» WHAT TO PRODUCE: The records below need to be repeated exactly, with every picture left out.

» PROVIDED ENTRIES:
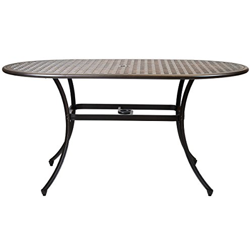 Caratteristiche: Foro centrale per la collocazione di un ombrello, resistente alle intemperie, nero in alluminio pressofuso con finitura in bronzo
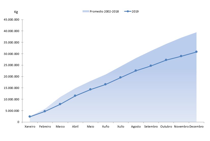 | Crustáceos | 50.239 | 843.766 | 47.699 | 785.504 | 2.540 | 58.261 | 5,33% | 7,42% |
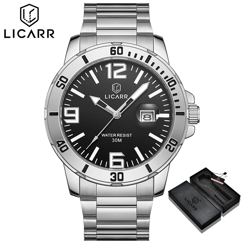 LICARR Jam Tangan Pria Mewah Kuarsa Stainless Steel Business Anti Air Santai Olahraga Tanggal Jam Tangan Cowok Original 9524
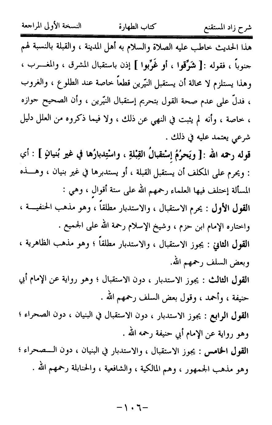 قوله رحمه الله: [ويَحرُمُ إِسْتقبالُ القِبلةِ، واسْتِدبارُها في غير بُنيانٍ]: أي: ويحرم على المكلف أن يستقبل القبلة، أو يستدبرها في غير بنيان، وهذه المسألة إختلف فيها العلماء رحمهم الله على ستة أقوال، وهي:
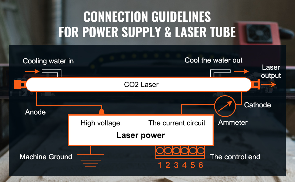 Laserová trubica musí byť pri práci chladená vodou a zároveň nezapínajte vysokonapäťový výstup a zabezpečte, aby kladné a záporné svorky vysokonapäťového výstupu boli správne prepojené s kladnými a zápornými svorkami lasera.

» WRITTEN SOLUTION:
 Caratteristiche: Foro centrale per la collocazione di un ombrello, resistente alle intemperie, nero in alluminio pressofuso con finitura in bronzo
 | Crustáceos | 50.239 | 843.766 | 47.699 | 785.504 | 2.540 | 58.261 | 5,33% | 7,42% |
 LICARR Jam Tangan Pria Mewah Kuarsa Stainless Steel Business Anti Air Santai Olahraga Tanggal Jam Tangan Cowok Original 9524
 قوله رحمه الله: [ويَحرُمُ إِسْتقبالُ القِبلةِ، واسْتِدبارُها في غير بُنيانٍ]: أي: ويحرم على المكلف أن يستقبل القبلة، أو يستدبرها في غير بنيان، وهذه المسألة إختلف فيها العلماء رحمهم الله على ستة أقوال، وهي:
 Laserová trubica musí byť pri práci chladená vodou a zároveň nezapínajte vysokonapäťový výstup a zabezpečte, aby kladné a záporné svorky vysokonapäťového výstupu boli správne prepojené s kladnými a zápornými svorkami lasera.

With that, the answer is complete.